The packing, the lifting, the disorientation of a new neighborhood—why are Americans constantly moving?
No one likes moving, and yet Americans like it more (or hate it less) than most. The average American relocates 11.7 times over the course of a lifetime. And although that figure is slightly down over previous decades, the fact remains that the United States is still one of the most mobile societies in the world.
In addition to the bodily aches and bruises that come with putting your life in a box, psychologists point to increased levels of anxiety and stress, disorientation and loss. In some cases, moving can induce panic attacks in the face of the uncertainties that lie ahead; in others, a sense of mourning and regret for what is left behind.
Why do we put ourselves through this pain? In pursuit of pleasure and happiness, of course!
Always on the move
We are, after all, a nation of immigrants. Pulling up roots in search of a better life is part our national DNA. One of the most astute observers of the young United States, the Frenchman Alexis de Tocqueville, pointed this out long ago. In a famous passage in his Democracy in America (1835–1840), he observed:
In the United States a man builds a house in which to spend his old age, and he sells it before the roof is on; he plants a garden and lets [rents] it just as the trees are coming into bearing; he brings a field into tillage and leaves other men to gather the crops; he embraces a profession and gives it up; he settles in a place, which he soon afterwards leaves to carry his changeable longings elsewhere."

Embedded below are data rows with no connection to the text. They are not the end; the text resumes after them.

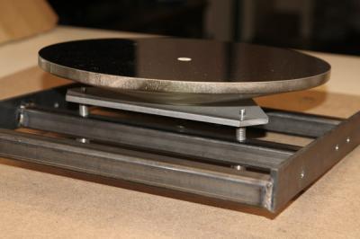 Side view of completed (but unpainted) mirror cell with 12.5" f/6 Royce conical primary mirror installed. This combination tailgate/cell is currently a candidate for production and may be available to order from Optical Supports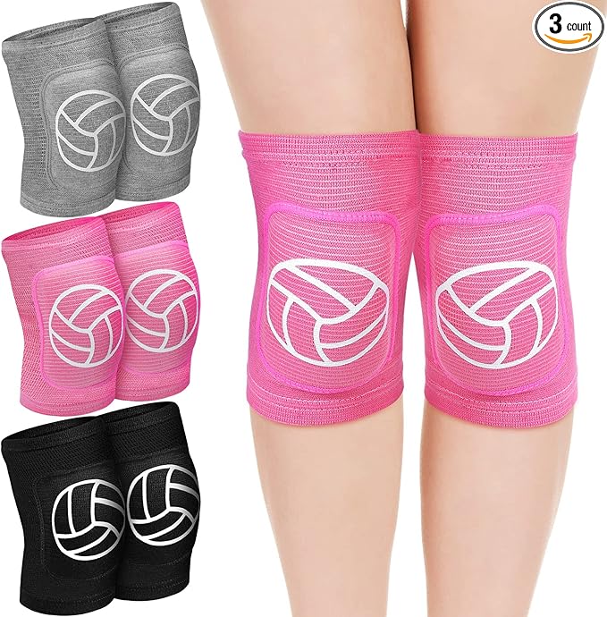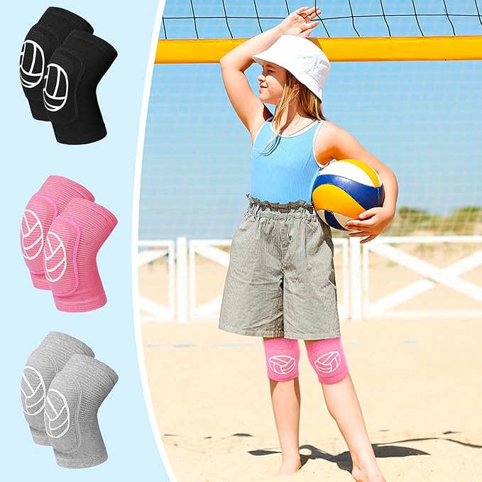 Leyndo 3 Pairs Volleyball Knee Pads for Kids Soft Breathable Non Slip Dance Knee Pads Collision Avoidance Knee Brace for Youth Girls Boys Dance Yoga Running Workout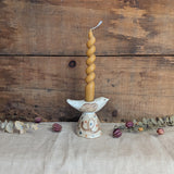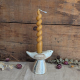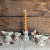 Handmade and hand-painted dove candle holders. Decorated with white glaze and oxides. Each is one of a kind.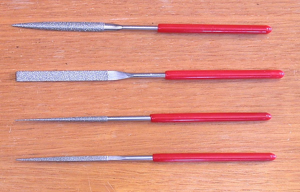 Существуют напильники (особенно надфили), покрытые алмазным порошком. Применяются для обработки закалённой стали, стекла, керамики и т. п. При работе их необходимо обильно смачивать водой.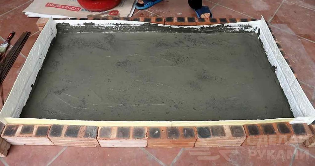 На следующем этапе готовим жидкий цементный раствор, заливаем в опалубку первый слой. Затем замешиваем более густой раствор, и также укладываем его в опалубку.
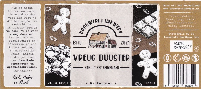| Biernaam op etiket | Vreug Duuster Winterbier |

In Tocqueville’s view, Americans’ restless pursuit of the “shortest cut to happiness” actually led them astray, causing them to focus on imaginary futures at the expense of good lives just under their noses.
How well do we know what we want?
Contemporary psychologists warn us that when it comes to moving, we are often poor predictors of how happy we’ll be when we get to our new homes.
The reason for this has to do with what the Harvard psychologist Dan Gilbert calls “impact bias,” an inherent human tendency to exaggerate the emotional “impact” or effect of future events. Human beings, it turns out, are surprisingly bad at what Dan calls “affective forecasting”—that is, predicting how they will feel down the road.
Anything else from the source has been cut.